Pelo artigo 113 do projeto, disponibilizada área a OUC (Operações Urbanas Consorciadas) de realização prioritária. Prevê “um conjunto de intervenções e medidas coordenadas ou autorizadas pelo poder público municipal, com início obrigatório num prazo de até dois anos após a aprovação da lei complementar”.
O parágrafo primeiro da lei diz que “as áreas prioritárias para operações urbanas consorciadas deverão ser definidas e delimitadas no Plano Diretor ou em lei específica, que só poderá tramitar por iniciativa do Poder Executivo Municipal e a partir de estudo justificativo da parte do Ipuf (Instituto de Planejamento Urbano de Florianópolis).
Advogado abre mão de novo recurso
O encontro com o juiz agrário Jefferzon Zanini, nesta quinta-feira, em Chapecó, não resignou, mas acalmou o advogado Camilo Simões Filho, representante dos proprietários do terreno invadido na Vargem Pequena. A decisão é esperar “com serenidade” a audiência de 7 de fevereiro, na Capital, e abrir mão do prazo processual para entrar com recurso de agravo de instrumento.
“Voltei com a certeza de que é um juiz competente, experiente neste tipo de conflito. Mesmo que nesta ação específica trata-se da posse de um imóvel urbano”, disse, depois da audiência com o magistrado. A estratégia da defesa neste momento é não estender o embate jurídico e apressar a decisão judicial.
Satisfeito com a proibição de novas ocupações, o advogado garante que as contas de água e luz da propriedade continuam sendo pagas pelos proprietários. “Em nenhum momento se cogitou cortar o fornecimento destes serviços básicos às famílias, e tornar ainda mais dramática a situação de crianças e idosos expostos ao relento”, argumenta.
O advogado reitera a condição urbana do terreno e critica o que chama de “manipulação de pessoas humildes pelo sonho do paraíso, da moradia sem aluguel”.
Incra e OAB acompanham cadastramento das famílias
A lista das famílias cadastradas será entregue no fim da tarde desta sexta-feira (24). A garantia foi dada por lideranças dos acampados, durante visita do ouvidor do Incra (Instituto Nacional de Reforma Agrária), Fernando de Souza, e do secretário-geral da Comissão dos Direitos Humanos da OAB/SC (Ordem dos Advogados do Brasil/Santa Catarina), Alexandre Botelho.

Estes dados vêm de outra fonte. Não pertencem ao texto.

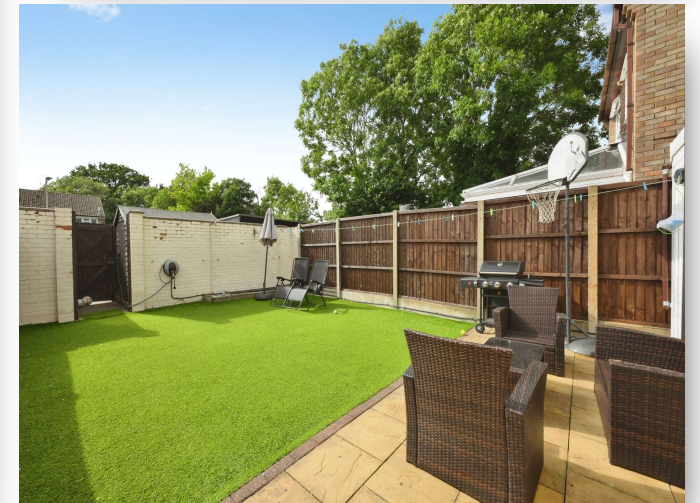
Perrysfield Road, Cheshunt Waltham Cross EN8 0TE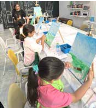
Fun and learning activities for the Kingdom's young aspiring artists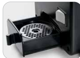
Cassetto porta coltello e piastra Compartment for knife and blade

Os acampados estão sendo cadastrados por família e individualmente no caso dos solteiros, nominalmente e com respectivo RG. A orientação do Incra, segundo o superintendente regional em Santa Catarina, José dos Santos, é esperar a audiência pública de 7 de fevereiro.

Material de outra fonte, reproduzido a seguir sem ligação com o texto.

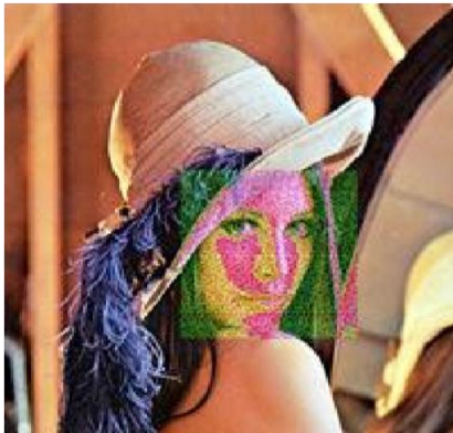
Fig. 12 Output Image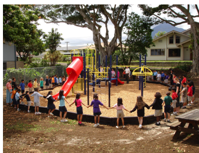
The Dedication/Blessing of the New Playground on April 27

wonders and works of Jesus' creation. Flyers advertising VBS were sent home with students and are available on-line at www.smls-hawaii.org . Please call the church office at 247-4565 if you have any questions.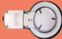
Ring Lamp (Fluorescence)

O impasse jurídico criado pela ocupação é acompanhado de perto, também, por duas comissões da OAB/SC. Os posicionamentos são antagônicos.

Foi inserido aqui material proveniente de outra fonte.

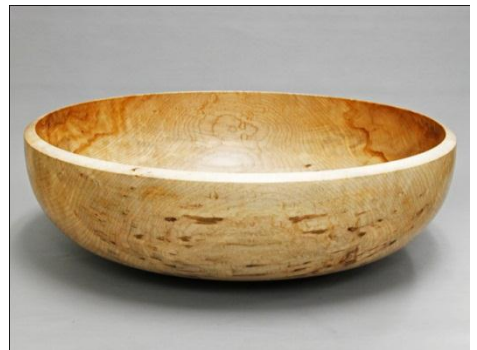
Pat Lloyd –Large (20”+) Sugar Maple Bowl

Para o presidente da Comissão de Direito Agrário e Questões do Agronegócio, Jeferson da Rocha, “trata-se de ação coordenada, cujo objetivo é desestabilizar a ordem pública”. O advogado sugeriu que as polícias Civil e Ambiental “investiguem a ocorrência de crimes e que a Justiça se pronuncie o mais breve possível, para reintegração de posse”.
Na Comissão de Direitos Humanos, o secretário-geral, Alexandre Botelho, defende o “movimento popular formado por um grupo heterogêneo, com inúmeras famílias, crianças, adolescentes, índios e estudantes, com diversas bandeiras de luta”. As reivindicações, pondera Botelho, “devem servir de alerta às autoridades”.
Centro de agronomia critica invasão
O Centro Acadêmico Livre de Agronomia da UFSC (Universidade Federal de Santa Catarina), citado pelos acampados como uma das entidades apoiadoras, nega participação no acampamento na Vargem Pequena. Segundo o secretário-geral, Eduardo Coelho, a entidade defende o direito constitucional de propriedade privada. “Apoiamos o cumprimento da lei, o proprietário paga IPTU (Imposto Predial e Territorial Urbano).
A participação de alunos de agronomia na mobilização no Norte da Ilha, de acordo com a nota do centro acadêmico da UFSC, é individual e ligada a outros movimentos e partidos políticos. “Mas a maioria dos estudantes na UFSC é contrária à ocupação”, reafirma Coelho.